• [Data block]:
——

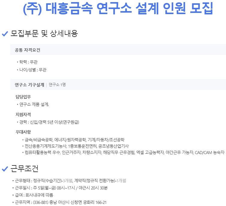 [(주)대흥금속]연구소 기계설계 인원 모집 글의 상세내용
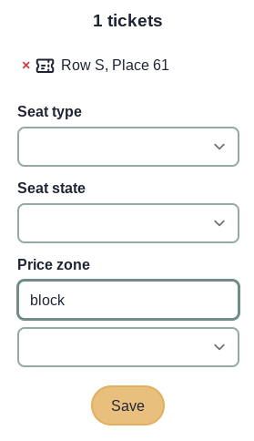 The Price zones feature is where you can assign certain ticket types to certain zones or areas in your seat map. You might, for example, have a VIP section in your map and you would like your VIP tickets to only be available for sale in this section.
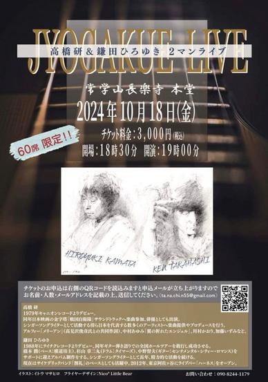 光市光井3丁目の常学山長楽寺(長岡秀雅住職)で10月18日(金)午後7時から「高橋研&鎌田ひろゆき2マンライブ」が開かれる。 同寺が毎年、秋に開いている常学...

——

• [Task to complete]: Would you restate the listing word for word and leave every picture out?

• [Solution]:
 [(주)대흥금속]연구소 기계설계 인원 모집 글의 상세내용
 The Price zones feature is where you can assign certain ticket types to certain zones or areas in your seat map. You might, for example, have a VIP section in your map and you would like your VIP tickets to only be available for sale in this section.
 光市光井3丁目の常学山長楽寺(長岡秀雅住職)で10月18日(金)午後7時から「高橋研&鎌田ひろゆき2マンライブ」が開かれる。 同寺が毎年、秋に開いている常学...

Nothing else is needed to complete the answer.